------ Data for this task ------
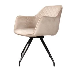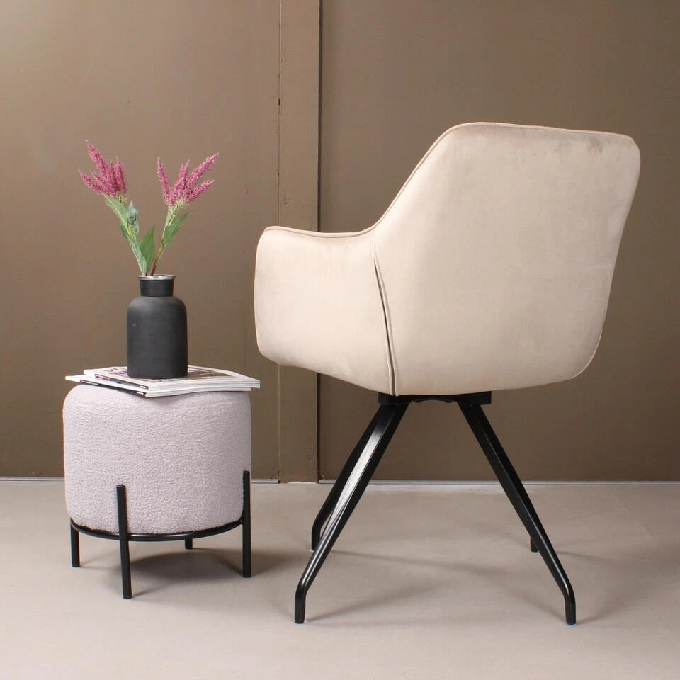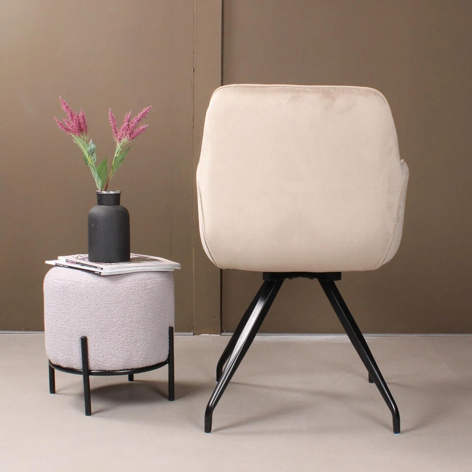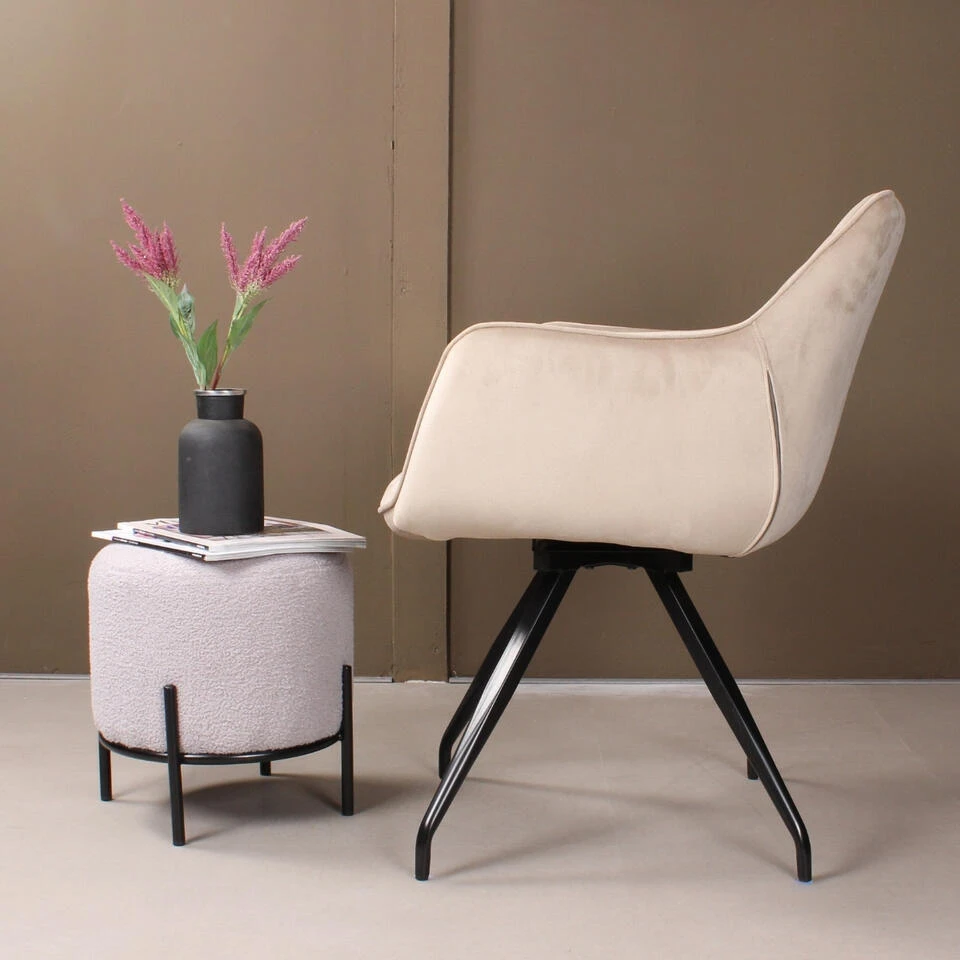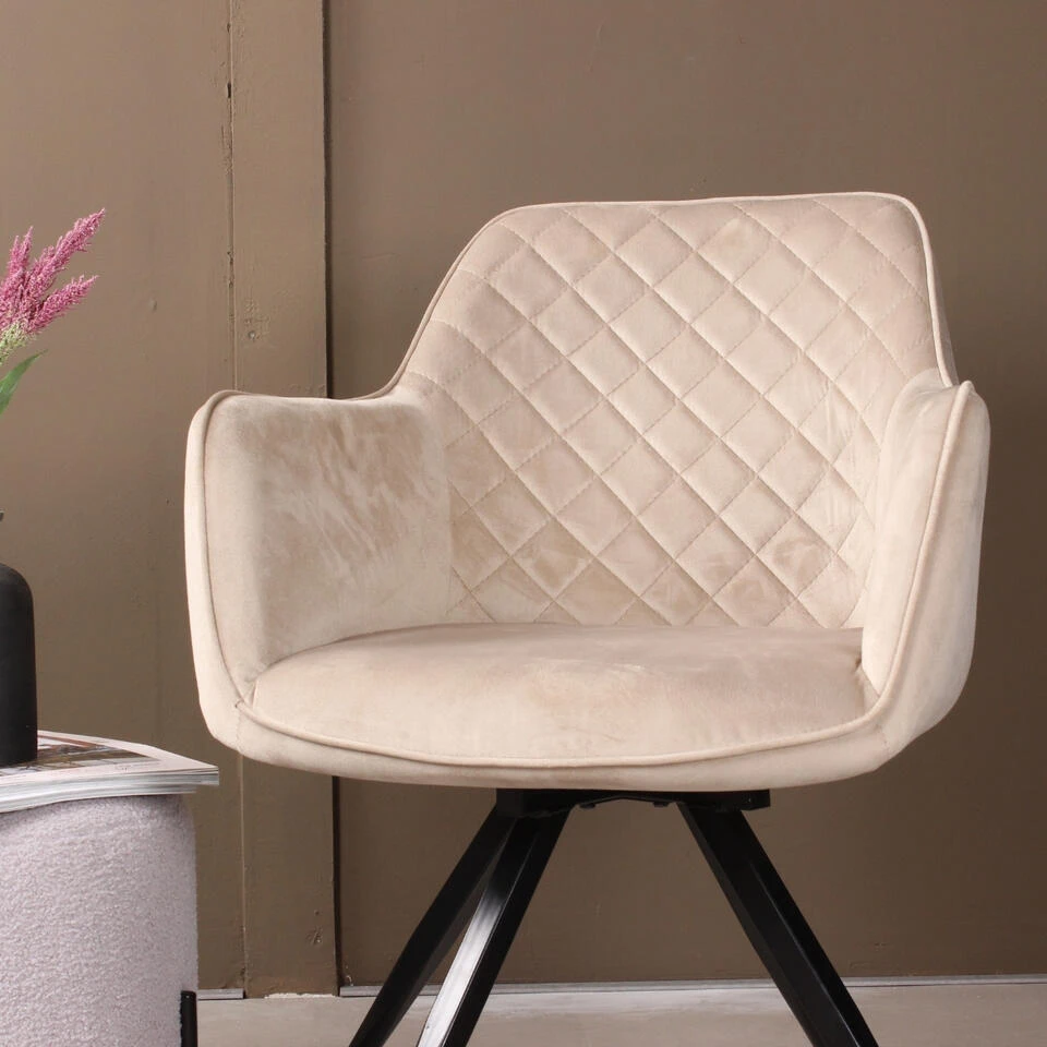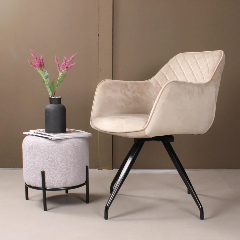 Romy armstoel velvet 2.0 heeft een luxueuze uitstraling en is uiterst comfortabel. Daarnaast is deze stoel ook nog 180 graden draaibaar. Dit zorgt ervoor dat er niet met stoelen geschoven hoeft te worden. Je stapt makkelijk in en uit de stoel. Daarnaast draait de stoel zelf weer terug naar zijn oorspronkelijke positie. Ideaal! De zitting is bekleed met zacht velvet voor een fijn zitcomfort. De rugleuning is voorzien van een geruit stiksel. Romy armstoel velvet 2.0 is verkrijgbaar in vier hippe kleuren: champagne, zwart, donkergroen en goud. De stoel staat op een stevige vierpoot van zwart gepoedercoat staal. Doordat Romy 2.0 voorzien is van armleuningen is het mogelijk uren na te tafelen met je favoriete tafelgasten.
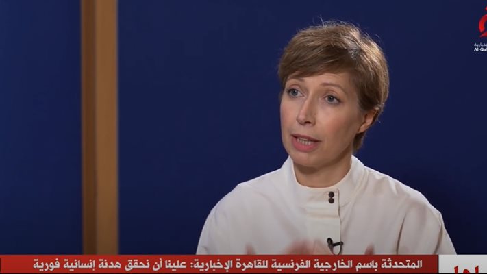 وقالت آن كلير لوجندر في حوارها على قناة " القاهرة الإخبارية، :" فرنسا أتاحت جمع مليار يورو لشعب غزة بالإضافة إلى 100 مليون ستقدمهم الدولة الفرنسية".
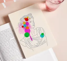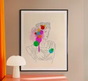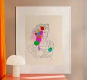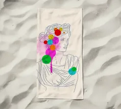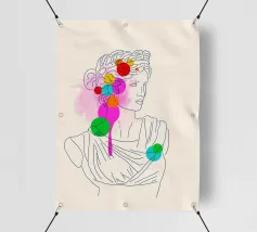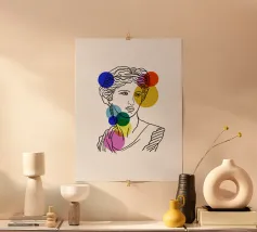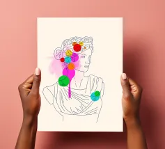 Una reinterpretazione contemporanea della bellezza antica. Quest'opera d'arte presenta la silhouette di una statua greca sovrapposta a una geometria minimalista e colorata, che dà nuova vita all'antichità classica. Perfetto per gli amanti della storia, dell'arte e degli interni raffinati.
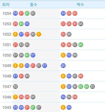 로또 1055회 당첨번호 홀짝수 조합을 생각하면서 1055회 로또예상번호를 선별하세요.
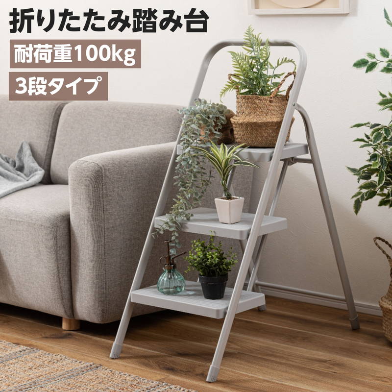 脚立 ステップ台 踏み台 折りたたみ 3段 取っ手付き 耐荷重100kg 完成品 足場台 折り畳み式 軽量 スリム コンパクト
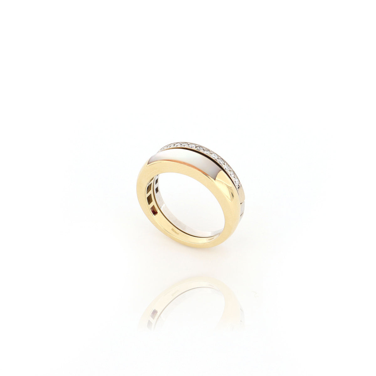 Oro giallo e bianco per questo anello dove la lattiginosità della madreperla trova la sua controparte nel bianco luminoso dei diamanti. All'interno, romantici segreti. Un design elegante e sorprendente.
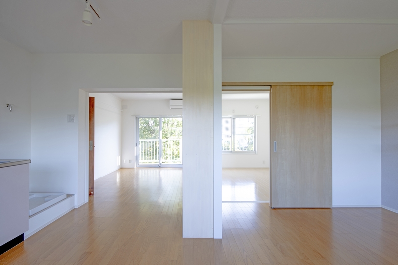 キッチンと洋室を仕切っていた壁を撤去し、広々としたダイニングキッチンに改装しました。窓から緑豊かな景色をパノラマで楽しみながら食事ができるスペースが生まれました。また、南北に位置する洋室の間も一部壁を取り除き、新たに風が通り抜ける快適な動線を確保しました。
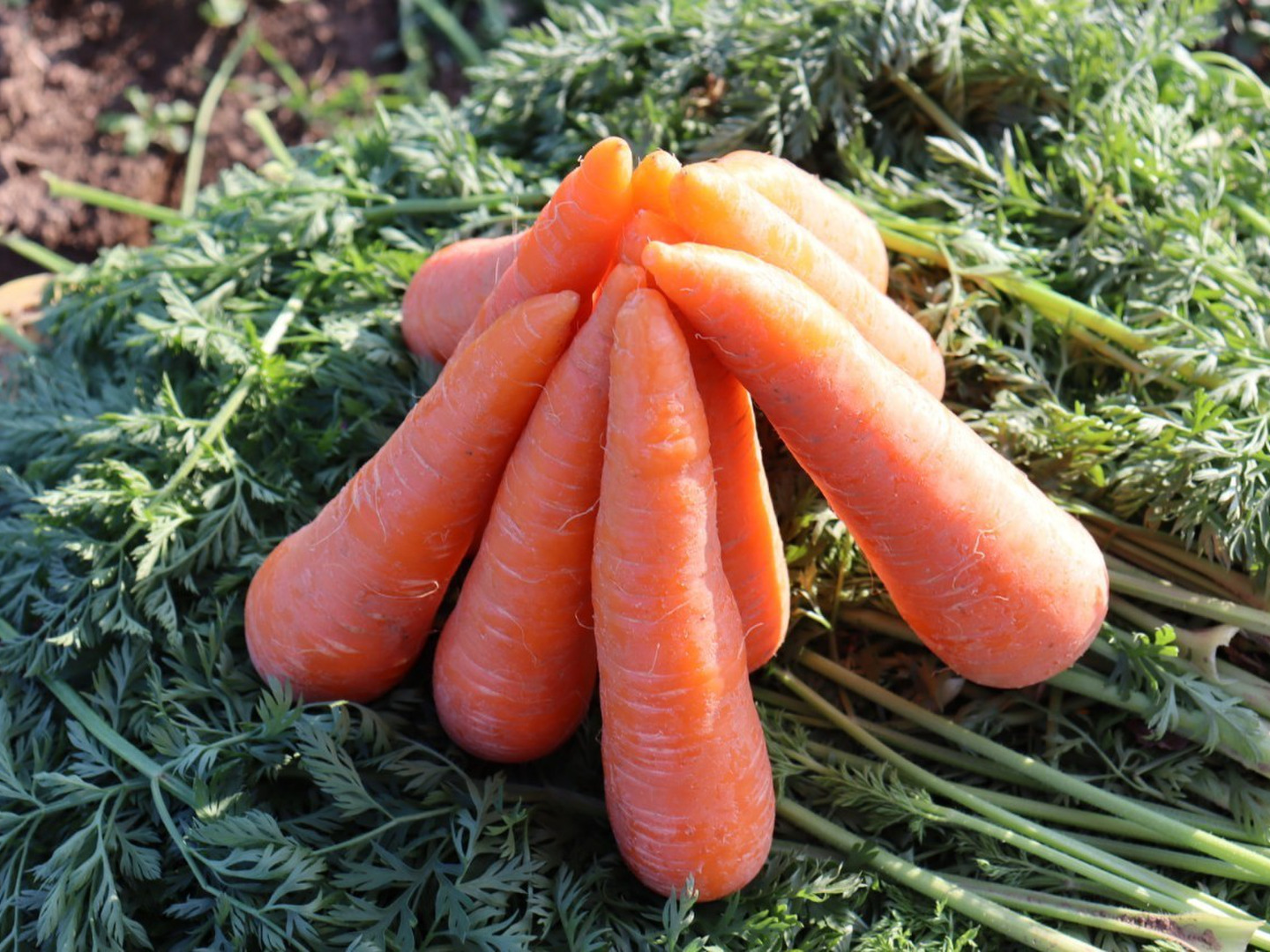 根の色は鮮やかな紅色で、肌は滑らかでツヤがあり、先のほうまで太く食味が良い西洋ニンジンです。 ニンジン独特の臭みもなく、クセがなく甘みの強いのが特長です
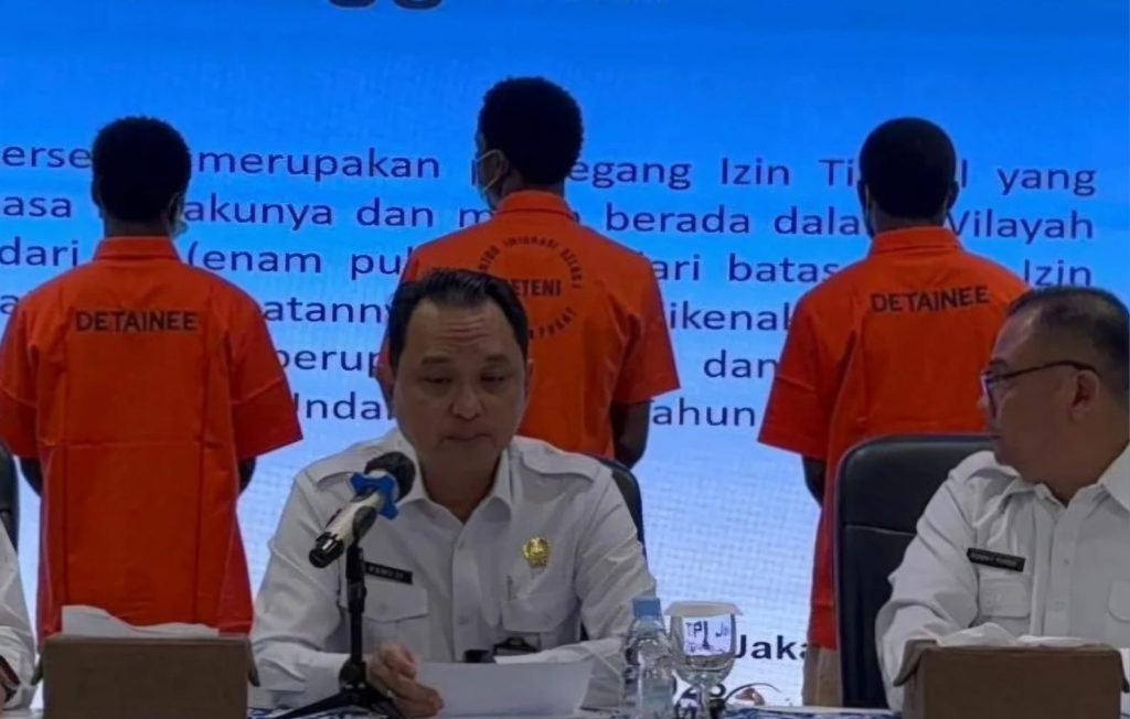 “Dalam pemeriksaan, didapatkan informasi bahwa OVO (24), OFE (25), dan NCC (24) merupakan orang asing berkebangsaan Nigeria. Mereka telah tinggal di Indonesia melebihi batas dari izin tinggal yang diberikan,” kata Kepala Kantor Wilayah Direktorat Jenderal Imigrasi DKI Jakarta Pamuji Raharja.
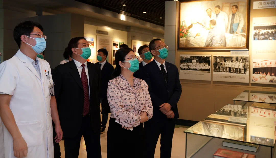 After the signing ceremony, the Jiangxi Cancer Hospital delegates visited the hospital historical museum so as to gain an in-depth understanding of the development process of our hospital.
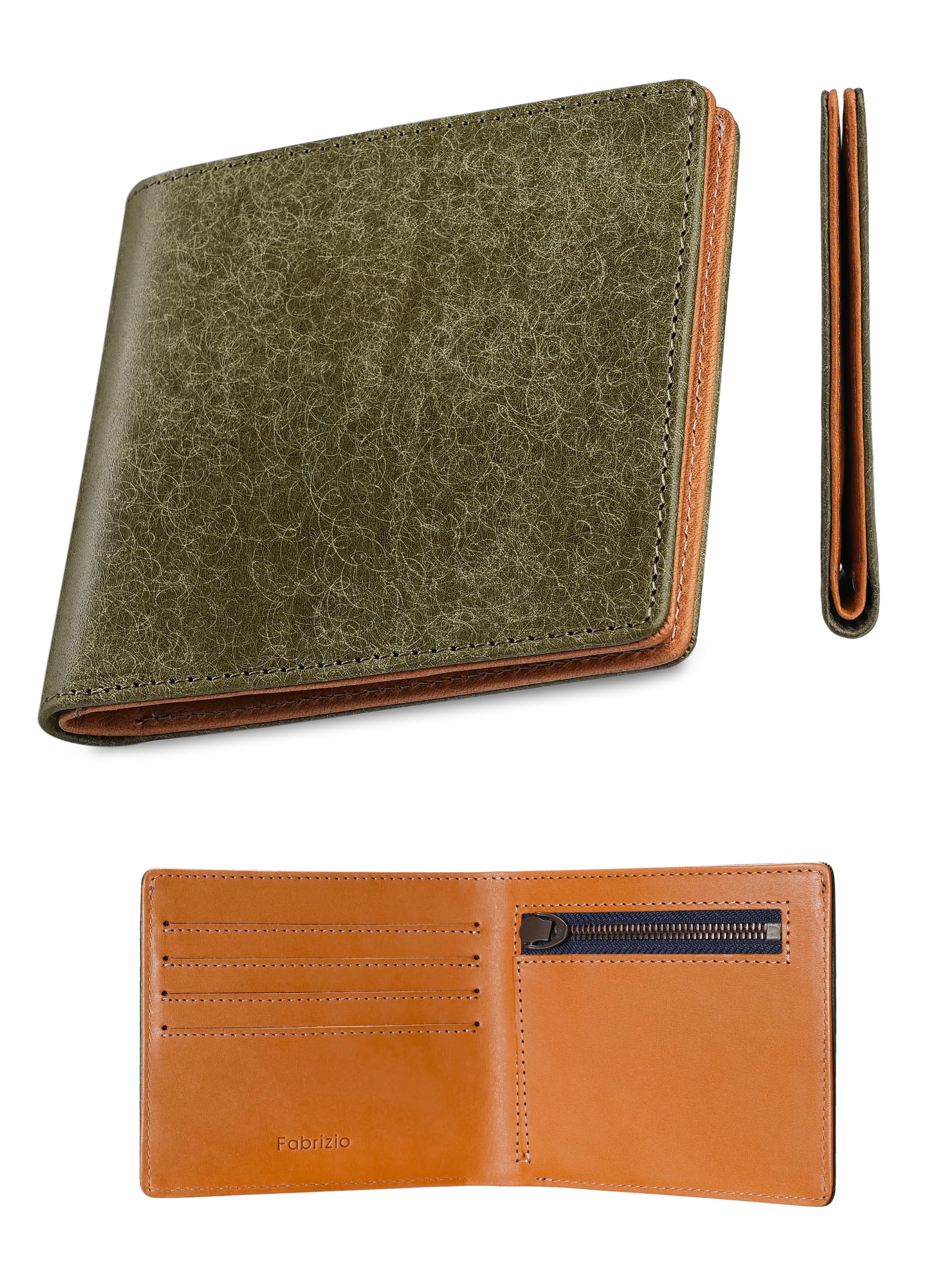 [ファブリツィオ] 極薄 財布 メンズ レディース 2つ折り 薄い 小銭入れ 使いやすい イタリアン レザー 一流の革職人が作る 本革 YKKファスナー (オリーバ)
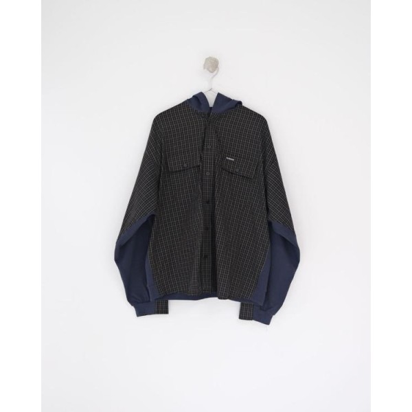 •Balencia**(발****) 25FW 체크 포켓 셔츠 재킷으로, 여러 연예인과 셀럽 들이 착용한 스타일입니다. 오리지널을 바탕으로 개발했으며, 면으로 직조한 컬러 원단을 패널별로 짜 맞춘 뒤 니트 공정을 더한 스페셜 기법을 적용해 위치별 재단과 봉제가 정확하게 맞아떨어지도록 제작했습니다. 원단 소모가 크고 공정이 많은 편이며, 여덟 똑딱이 버튼 금속 장식과 YB(원본) 사양을 일치시켰습니다. 완성 후에는 워싱과 효소 처리를 통해 빈티지한 느낌을 살렸고, 패턴과 실루엣은 오리지널 버전과 동일해 착용 시 자체적으로 스트릿한 무드를 연출합니다. 전체적으로 표준적인 넉넉한 루즈핏입니다.
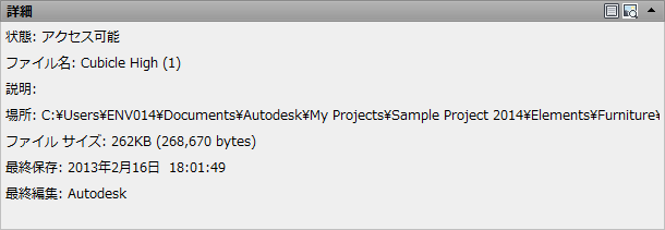 - [見つかった場所]には、外部参照が発見されたパスが表示されます。外部参照のパスが保存されていない場合、または指定されているパスに外部参照が存在しなくなっている場合には、プログラムによって外部参照が検索され、その場所が[見つかった場所]に表示されます。
------
▶ [Task directions] The expected output is the lines above from the one containing "根の色は鮮やかな紅色で、肌は" to the one containing "[ファブリツィオ] 極薄 財布", both ends included, reproduced exactly with every picture left out.

▶ [Result of this task]
 根の色は鮮やかな紅色で、肌は滑らかでツヤがあり、先のほうまで太く食味が良い西洋ニンジンです。 ニンジン独特の臭みもなく、クセがなく甘みの強いのが特長です
 “Dalam pemeriksaan, didapatkan informasi bahwa OVO (24), OFE (25), dan NCC (24) merupakan orang asing berkebangsaan Nigeria. Mereka telah tinggal di Indonesia melebihi batas dari izin tinggal yang diberikan,” kata Kepala Kantor Wilayah Direktorat Jenderal Imigrasi DKI Jakarta Pamuji Raharja.
 After the signing ceremony, the Jiangxi Cancer Hospital delegates visited the hospital historical museum so as to gain an in-depth understanding of the development process of our hospital.
 [ファブリツィオ] 極薄 財布 メンズ レディース 2つ折り 薄い 小銭入れ 使いやすい イタリアン レザー 一流の革職人が作る 本革 YKKファスナー (オリーバ)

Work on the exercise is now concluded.